Interrupts remain after detach


I have an ISR which will set a flag (which is later handled in the main body).
Inside the ISR, I detach the interrupt pin that triggered it. However, the code in the main body runs twice...
The code I have is here:

(Pullups enabled on pin 2, with a button attached to ground)

void homeISR(){

void loop(){
  //Somewhere over the rainbow, "attachInterrupt(digitalPinToInterrupt(2),&homeISR,FALLING);" is called
    ISRFlags&=~1;//Originally, I was doing "ISRFlags^=1" which should work faster, but I wanted to go with something more reliable

If the button is pressed while the ISR is disabled, it will be left pending, triggering the ISR whenever it is attached again (even when the condition is no longer met). It is not called instantly (this is known because the TFT I'm using flickers whenever "goHome()" is called, and it doesn't flicker when pressing the button...)

Why are you calling the goHome() function while interrupts are disabled?
Why are you disabling the interrupts at all?

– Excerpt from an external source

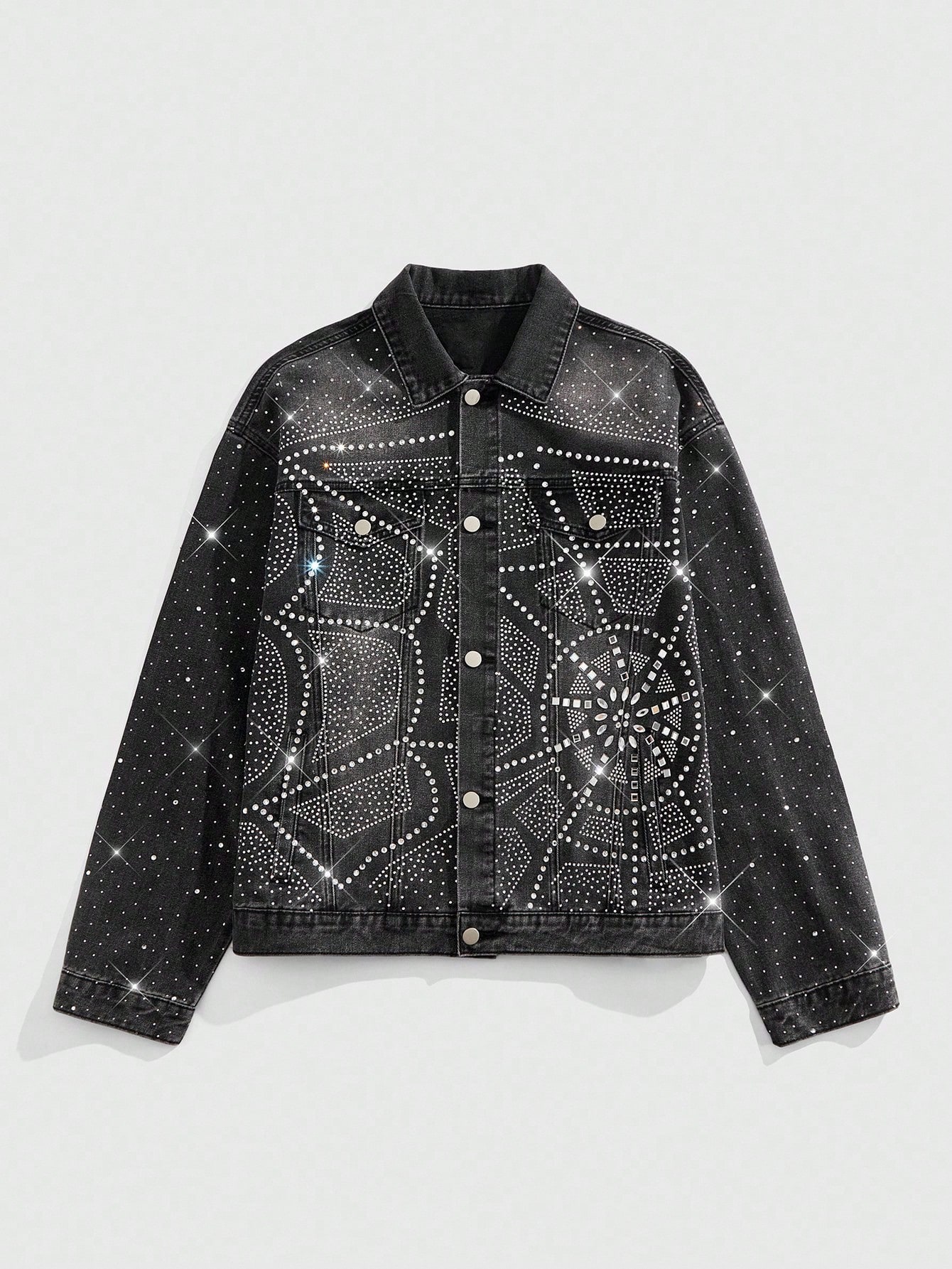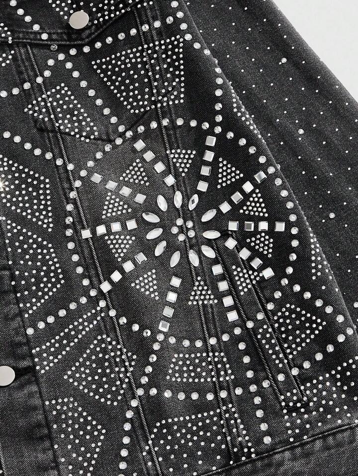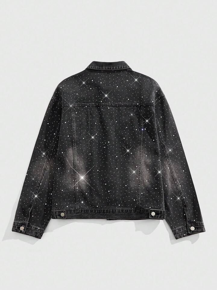 Street Life Casual Fashion Versatile Long Sleeve Men's Rhinestone Denim Jacket , Fall

Wouldn't ISRFlags = 0; be a lot simpler and more obvious than ISRFlags&=~1;

You need to post the complete program.

Maybe it would be a good idea to clear the interrupt flag in the appropriate atmega register immediately after your detachInterrupt()

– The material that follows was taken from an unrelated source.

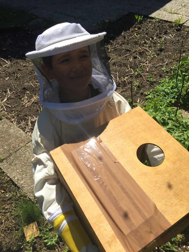 Während ich auf der kleinen Leiter stand, um an der Hecke zu rütteln, hielt mein kleiner Mann die Kiste mitsamt dem Trichter oben drauf über Kopf – starke Leistung! Gemeinsam schafften wir es eine recht große Portion der angefeuchteten Schwarmtraube in die Box zu bekommen. Danach war natürlich erst mal der Teufel los, trotz eher großzügigem Einsatz des Wassersprühers! Die Box wurde nah an der Hecke aufgestellt, und wir konnten auch gleich erste Bienen an der Box sterzeln sehen. Und dann kam der große Nachteil dieser Schwarmkiste ans Tageslicht: die großen Gitterflächen! Denn die Arbeiterinnen können ihre Königin auch durch das Gitter riechen, und sammeln sich entsprechend lieber vor den Gittern, als durch das (von mir auch vermutlich etwas zu klein angebrachte) Flugloch in die Box zu krabbeln.

The disable interrupts thing was just to try and test if that would somehow (magically) fix it. I probably should’ve removed it before posting :stuck_out_tongue:
I used the ISRFlags&=~1; because I might want to use ISRFlags to store more flags than just the one (looking into the future). I used a byte because I’m trying to save dynamic memory space and 8 bools would use 8 bytes, as opposed to the single byte (sacrificing speed and simplicity for size).

My code is long (12 files, 30-100 lines each). Most of it has no relation to the problem at hand.

As for messing with registers, I could try it. I do not know how those particular registers work, but I’ll look into it!

You may be seeing the multiple triggers from a queued interrupt due to switch bounce in the few microseconds (based on the interrupt latency) before you detach the interrupt.

Add some hardware debouncing to the button switch, or try a software lock out to debounce the ISR.

void homeISR()
  const unsigned long lock_out = 20;
  static unsigned long last_interrupt_time = 0;
  unsigned long interrupt_time = millis();
  if (interrupt_time - last_interrupt_time >= lock_out)
    ISRFlags |= 1;
  last_interrupt_time = interrupt_time;

Why do you need interrupts to read a switch pressed by a human. You could be using polling with robust software debouncing looking for a stable input signal.

I need an interrupt because this is the switch that wakes the AVR from SLEEP_MODE_PWR_DOWN.
For simplicity, even when the AVR is not in sleep mode, I use the same interrupt to handle my code (which, in some cases, can take a while before reaching loop again, adding the possibility for dropped input).

Because my code can take a while, I do not think this switch is bouncing. Even if it did, the same flag would just be set multiple times, having no effect because the flag is only occasionally cleared.

My code is long (12 files, 30-100 lines each). Most of it has no relation to the problem at hand.

It can be a good idea (for you, and certainly for us) to write a short program that illustrates the problem.

Because my code can take a while, I do not think this switch is bouncing.

That would make sense if you are NOT using an interrupt - but it does not make sense with an interrupt because it responds regardless of the rest of the code.